#### [DIRECTIONS FOR THIS TASK]
Retype the data below verbatim; pictures do not belong in the copy.

[Records drawn from a dataset]
◇ ◇ ◇ ◇ ◇ ◇ ◇

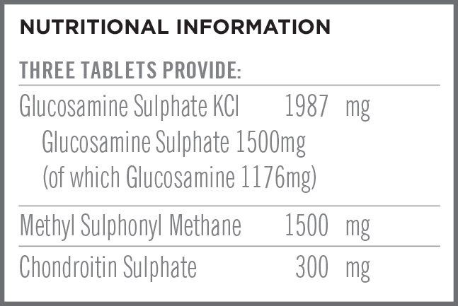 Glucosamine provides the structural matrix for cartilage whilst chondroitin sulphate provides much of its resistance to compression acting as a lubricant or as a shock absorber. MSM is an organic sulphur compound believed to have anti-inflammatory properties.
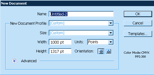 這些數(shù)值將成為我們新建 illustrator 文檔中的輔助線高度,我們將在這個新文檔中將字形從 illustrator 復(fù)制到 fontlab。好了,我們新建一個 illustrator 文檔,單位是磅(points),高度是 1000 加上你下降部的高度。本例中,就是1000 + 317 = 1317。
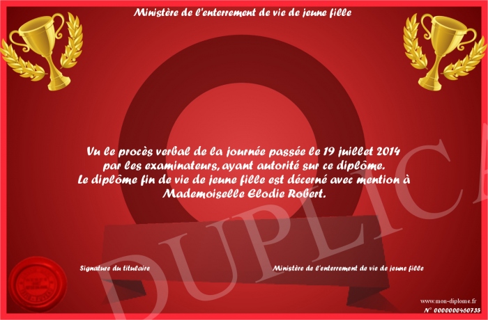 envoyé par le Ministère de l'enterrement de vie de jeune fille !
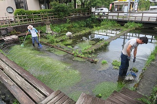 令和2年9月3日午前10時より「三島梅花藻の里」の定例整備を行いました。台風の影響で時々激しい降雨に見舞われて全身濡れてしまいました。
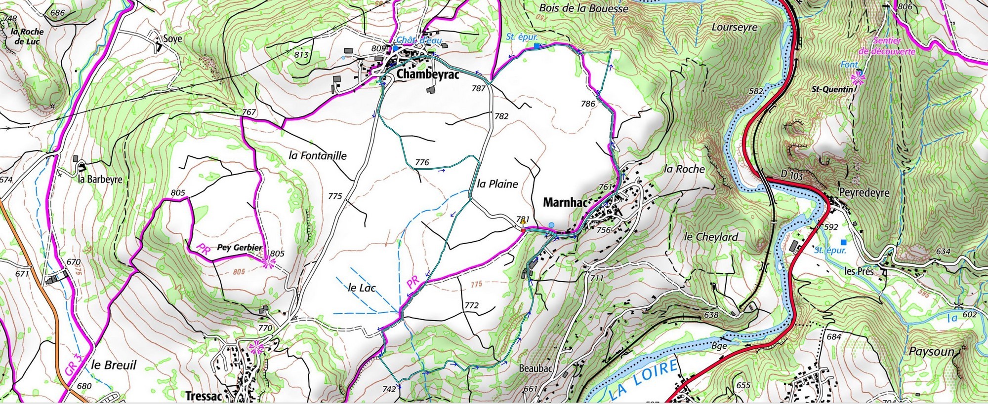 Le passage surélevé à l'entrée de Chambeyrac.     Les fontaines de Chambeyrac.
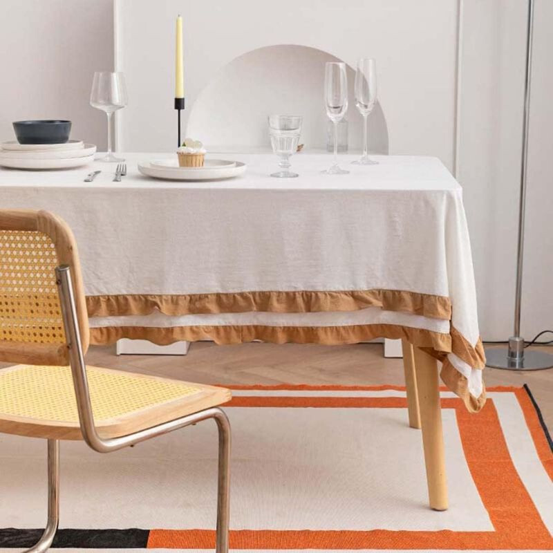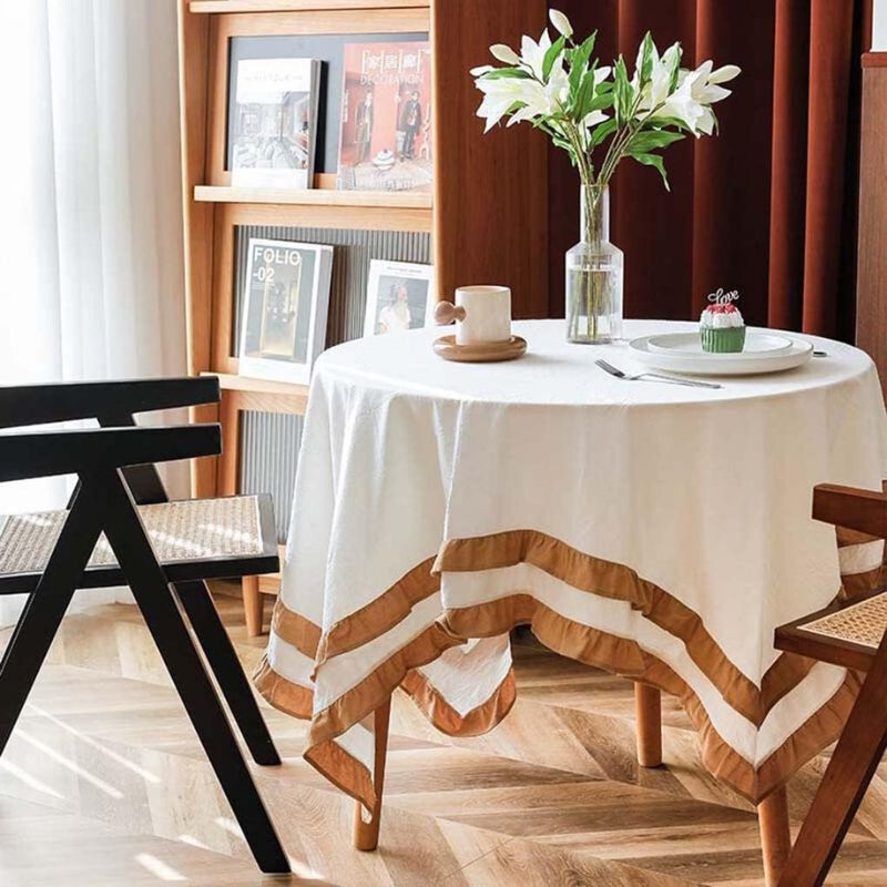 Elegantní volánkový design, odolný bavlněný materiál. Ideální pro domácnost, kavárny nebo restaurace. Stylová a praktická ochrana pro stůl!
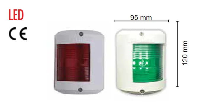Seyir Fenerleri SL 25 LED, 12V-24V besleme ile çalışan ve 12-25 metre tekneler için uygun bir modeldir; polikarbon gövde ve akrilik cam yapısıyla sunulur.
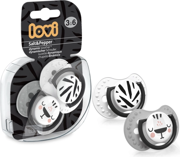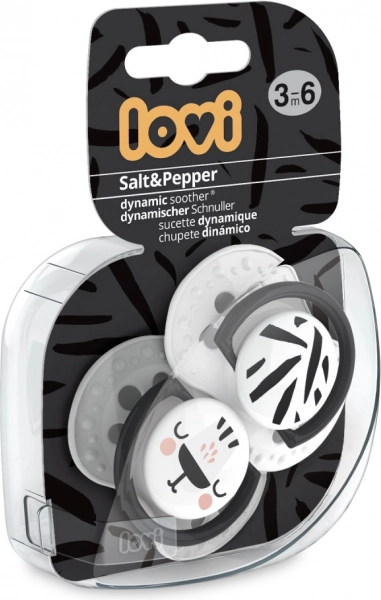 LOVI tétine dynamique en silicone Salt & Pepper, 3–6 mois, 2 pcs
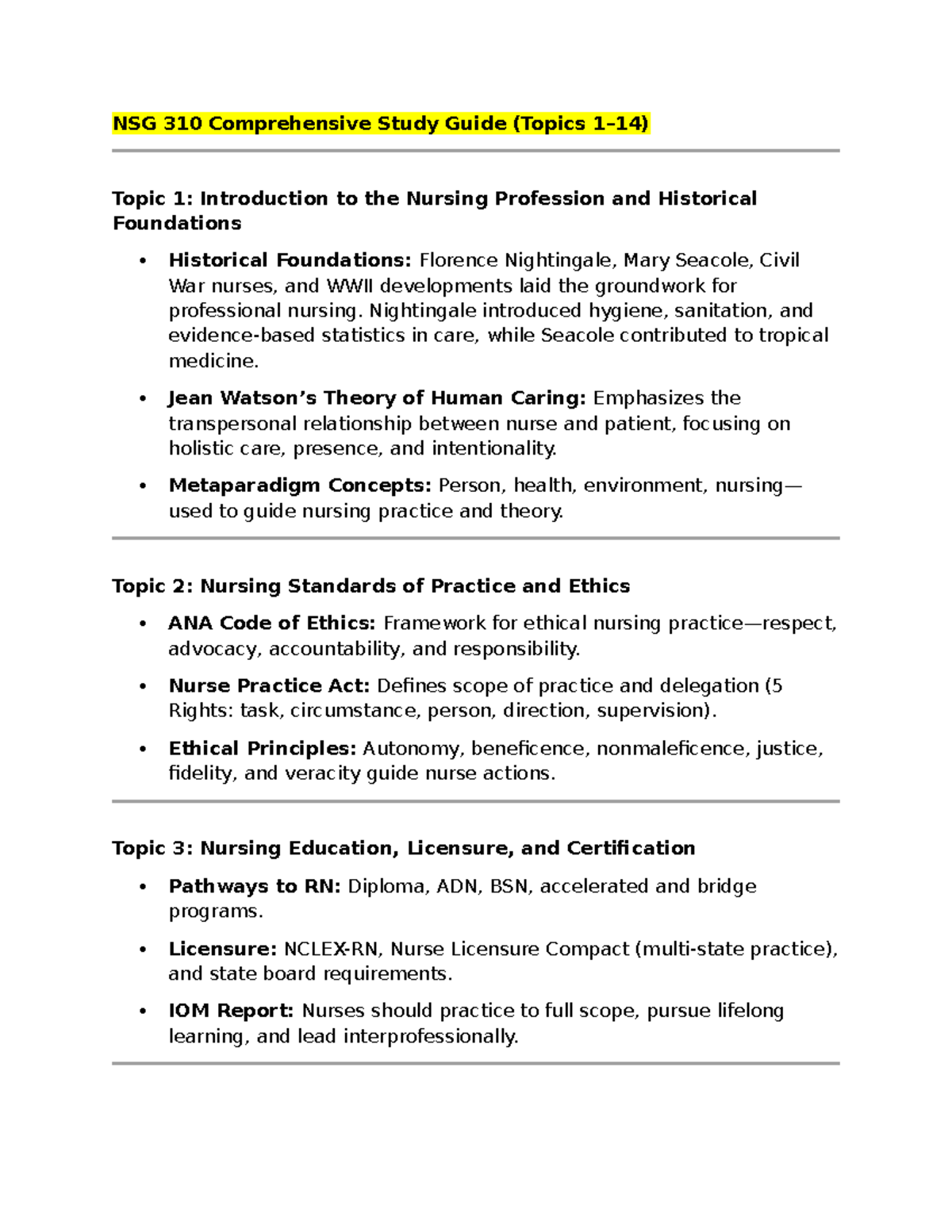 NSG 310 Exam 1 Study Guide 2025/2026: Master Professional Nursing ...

◇ ◇ ◇ ◇ ◇ ◇ ◇

#### [RESPONSE BOX]
 Glucosamine provides the structural matrix for cartilage whilst chondroitin sulphate provides much of its resistance to compression acting as a lubricant or as a shock absorber. MSM is an organic sulphur compound believed to have anti-inflammatory properties.
 這些數(shù)值將成為我們新建 illustrator 文檔中的輔助線高度,我們將在這個新文檔中將字形從 illustrator 復(fù)制到 fontlab。好了,我們新建一個 illustrator 文檔,單位是磅(points),高度是 1000 加上你下降部的高度。本例中,就是1000 + 317 = 1317。
 envoyé par le Ministère de l'enterrement de vie de jeune fille !
 令和2年9月3日午前10時より「三島梅花藻の里」の定例整備を行いました。台風の影響で時々激しい降雨に見舞われて全身濡れてしまいました。
 Le passage surélevé à l'entrée de Chambeyrac.     Les fontaines de Chambeyrac.
 Elegantní volánkový design, odolný bavlněný materiál. Ideální pro domácnost, kavárny nebo restaurace. Stylová a praktická ochrana pro stůl!
Seyir Fenerleri SL 25 LED, 12V-24V besleme ile çalışan ve 12-25 metre tekneler için uygun bir modeldir; polikarbon gövde ve akrilik cam yapısıyla sunulur.
 LOVI tétine dynamique en silicone Salt & Pepper, 3–6 mois, 2 pcs
 NSG 310 Exam 1 Study Guide 2025/2026: Master Professional Nursing ...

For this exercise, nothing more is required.